## Instructions for the task
Everything from the line with "# |ABC |45 N" to the line with "There are approximately" in the listing below, both lines included, needs to be copied exactly, apart from the pictures.

## Provided records
┄┄┄┄┄┄┄┄┄┄┄┄┄┄┄┄┄┄┄┄

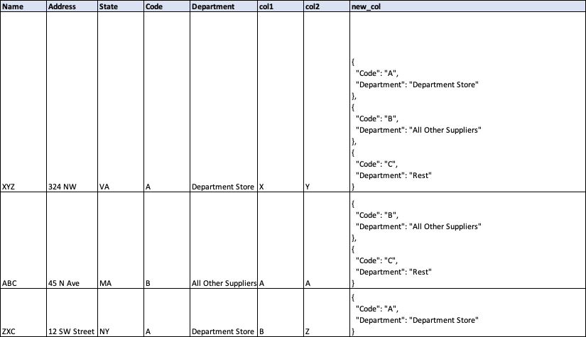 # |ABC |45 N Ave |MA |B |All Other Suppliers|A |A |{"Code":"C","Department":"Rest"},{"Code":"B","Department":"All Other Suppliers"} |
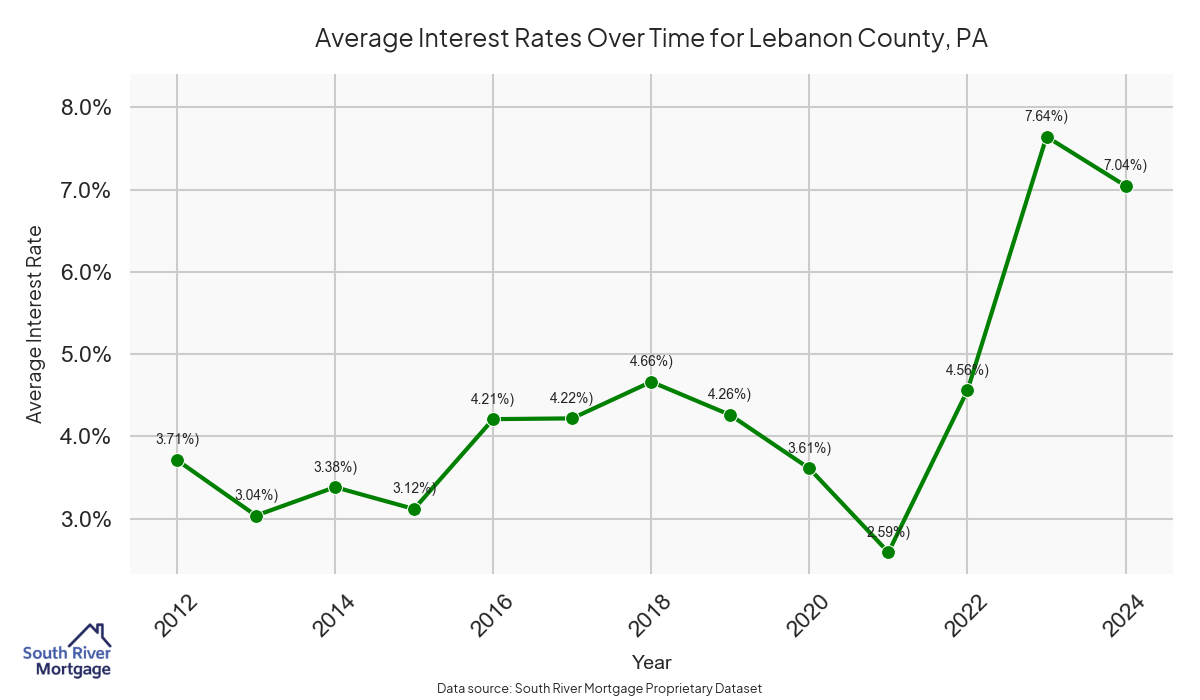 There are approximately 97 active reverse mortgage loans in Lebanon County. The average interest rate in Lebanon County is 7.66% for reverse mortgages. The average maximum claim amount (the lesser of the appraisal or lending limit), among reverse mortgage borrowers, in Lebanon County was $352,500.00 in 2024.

┄┄┄┄┄┄┄┄┄┄┄┄┄┄┄┄┄┄┄┄

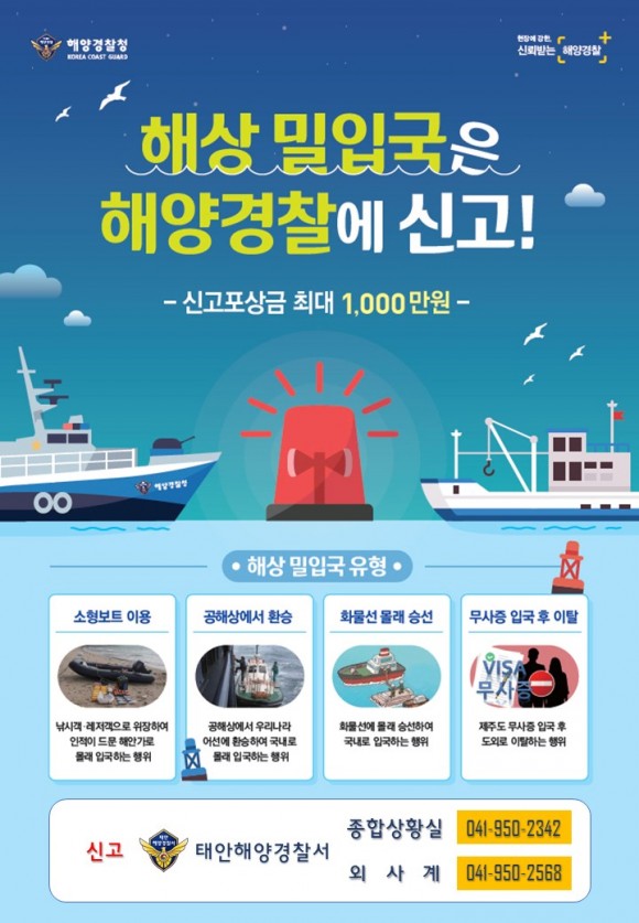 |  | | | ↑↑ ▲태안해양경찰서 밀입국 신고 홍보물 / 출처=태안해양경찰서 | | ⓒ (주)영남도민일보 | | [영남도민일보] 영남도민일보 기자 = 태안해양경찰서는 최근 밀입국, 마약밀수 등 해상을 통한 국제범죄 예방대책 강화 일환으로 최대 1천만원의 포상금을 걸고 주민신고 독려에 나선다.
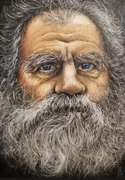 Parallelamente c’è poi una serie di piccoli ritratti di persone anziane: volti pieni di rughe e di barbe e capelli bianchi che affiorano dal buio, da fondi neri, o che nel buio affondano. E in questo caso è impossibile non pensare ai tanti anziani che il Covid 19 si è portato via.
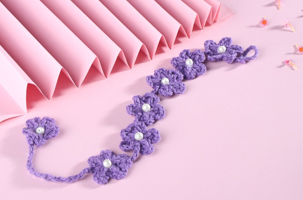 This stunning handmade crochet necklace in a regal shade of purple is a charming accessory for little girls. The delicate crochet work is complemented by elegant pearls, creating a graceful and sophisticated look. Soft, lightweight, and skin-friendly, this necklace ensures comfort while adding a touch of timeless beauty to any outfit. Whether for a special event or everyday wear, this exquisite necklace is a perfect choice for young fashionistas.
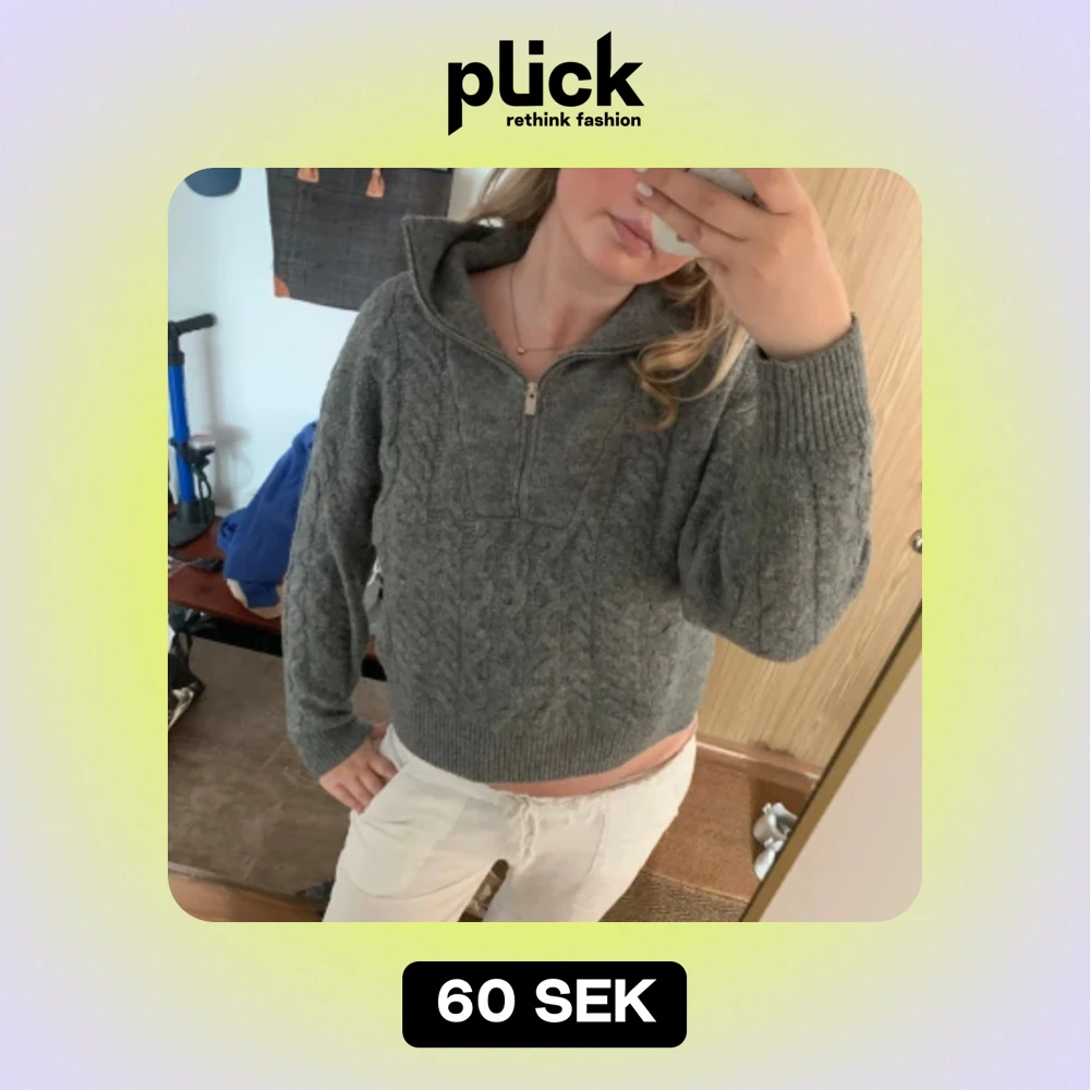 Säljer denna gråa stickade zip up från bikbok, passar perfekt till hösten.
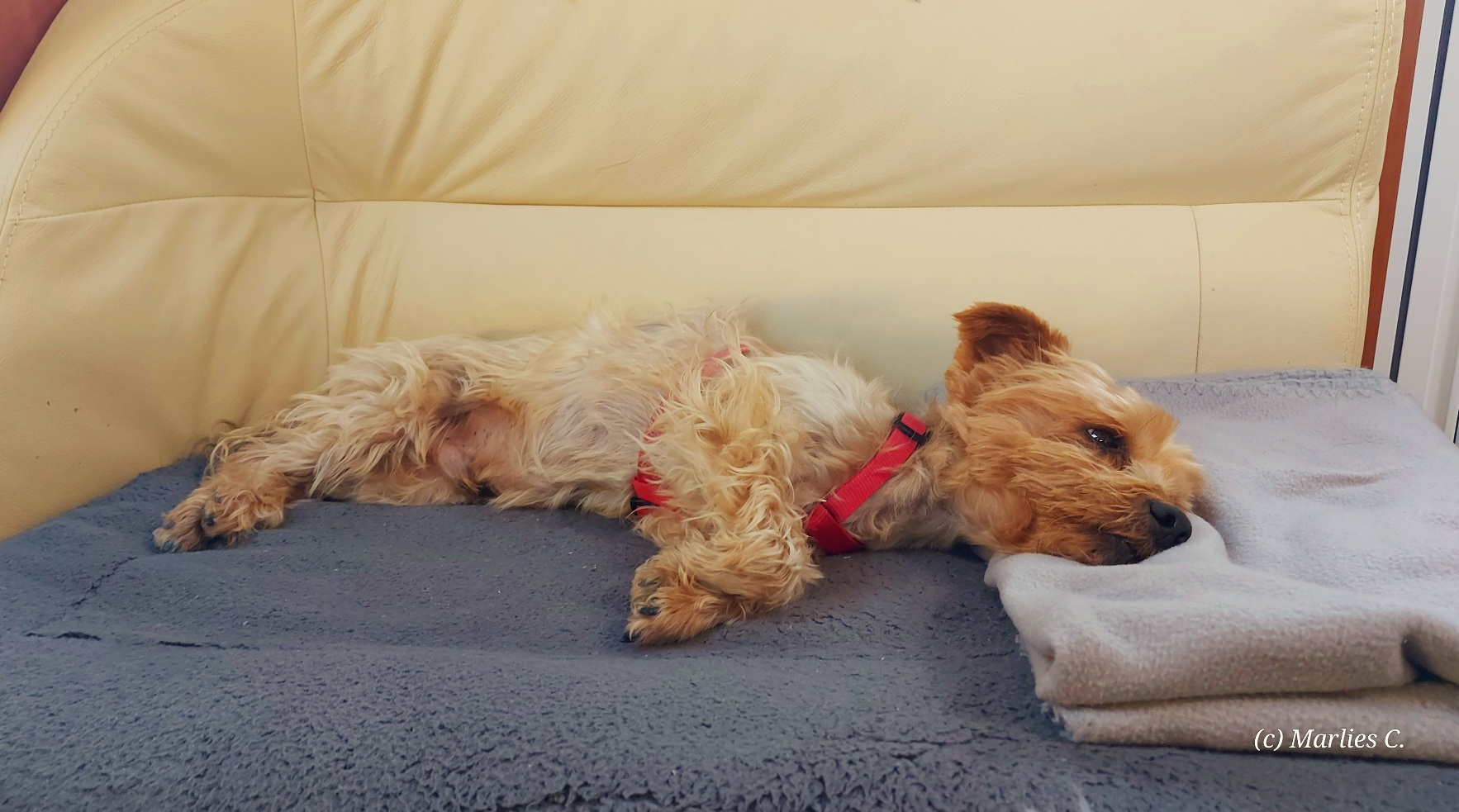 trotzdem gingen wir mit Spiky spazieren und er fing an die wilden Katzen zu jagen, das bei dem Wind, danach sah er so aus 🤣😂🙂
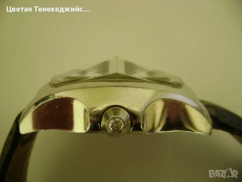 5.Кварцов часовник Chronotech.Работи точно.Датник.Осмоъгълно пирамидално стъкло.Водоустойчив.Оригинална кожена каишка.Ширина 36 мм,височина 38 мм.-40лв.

┄┄┄┄┄┄┄┄┄┄┄┄┄┄┄┄┄┄┄┄

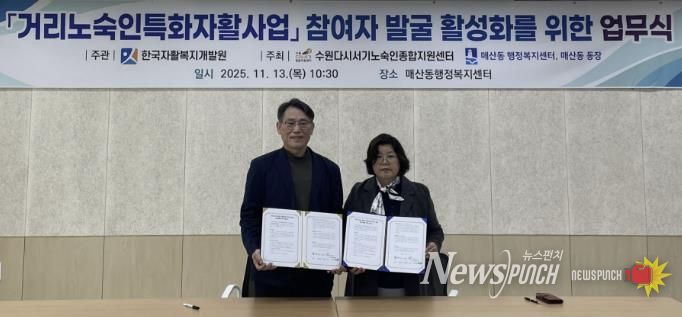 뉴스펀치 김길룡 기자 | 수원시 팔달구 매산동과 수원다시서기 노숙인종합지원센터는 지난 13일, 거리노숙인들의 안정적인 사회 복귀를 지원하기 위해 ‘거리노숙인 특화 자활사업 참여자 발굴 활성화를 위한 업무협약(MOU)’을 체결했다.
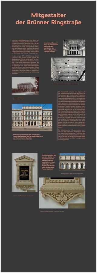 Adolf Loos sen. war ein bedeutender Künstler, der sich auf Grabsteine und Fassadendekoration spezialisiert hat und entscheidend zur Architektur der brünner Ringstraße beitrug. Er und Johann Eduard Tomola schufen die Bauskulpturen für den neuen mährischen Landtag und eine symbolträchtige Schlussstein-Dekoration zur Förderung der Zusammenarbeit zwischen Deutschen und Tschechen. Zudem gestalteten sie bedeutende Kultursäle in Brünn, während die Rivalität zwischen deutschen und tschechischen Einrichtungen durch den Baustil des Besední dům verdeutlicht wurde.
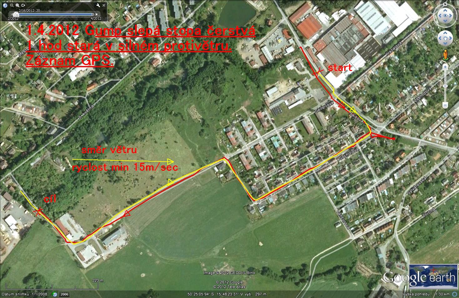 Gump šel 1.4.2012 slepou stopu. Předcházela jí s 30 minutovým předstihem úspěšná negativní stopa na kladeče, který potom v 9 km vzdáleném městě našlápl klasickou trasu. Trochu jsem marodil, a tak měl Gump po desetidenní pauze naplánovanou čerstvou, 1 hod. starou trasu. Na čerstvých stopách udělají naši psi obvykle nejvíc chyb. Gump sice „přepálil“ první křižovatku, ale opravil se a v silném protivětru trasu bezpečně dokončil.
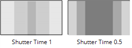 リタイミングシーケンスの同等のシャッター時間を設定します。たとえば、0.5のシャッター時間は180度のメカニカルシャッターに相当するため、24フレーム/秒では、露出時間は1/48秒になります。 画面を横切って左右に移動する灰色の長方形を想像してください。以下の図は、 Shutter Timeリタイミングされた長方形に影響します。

┄┄┄┄┄┄┄┄┄┄┄┄┄┄┄┄┄┄┄┄

## Task response
 # |ABC |45 N Ave |MA |B |All Other Suppliers|A |A |{"Code":"C","Department":"Rest"},{"Code":"B","Department":"All Other Suppliers"} |
 There are approximately 97 active reverse mortgage loans in Lebanon County. The average interest rate in Lebanon County is 7.66% for reverse mortgages. The average maximum claim amount (the lesser of the appraisal or lending limit), among reverse mortgage borrowers, in Lebanon County was $352,500.00 in 2024.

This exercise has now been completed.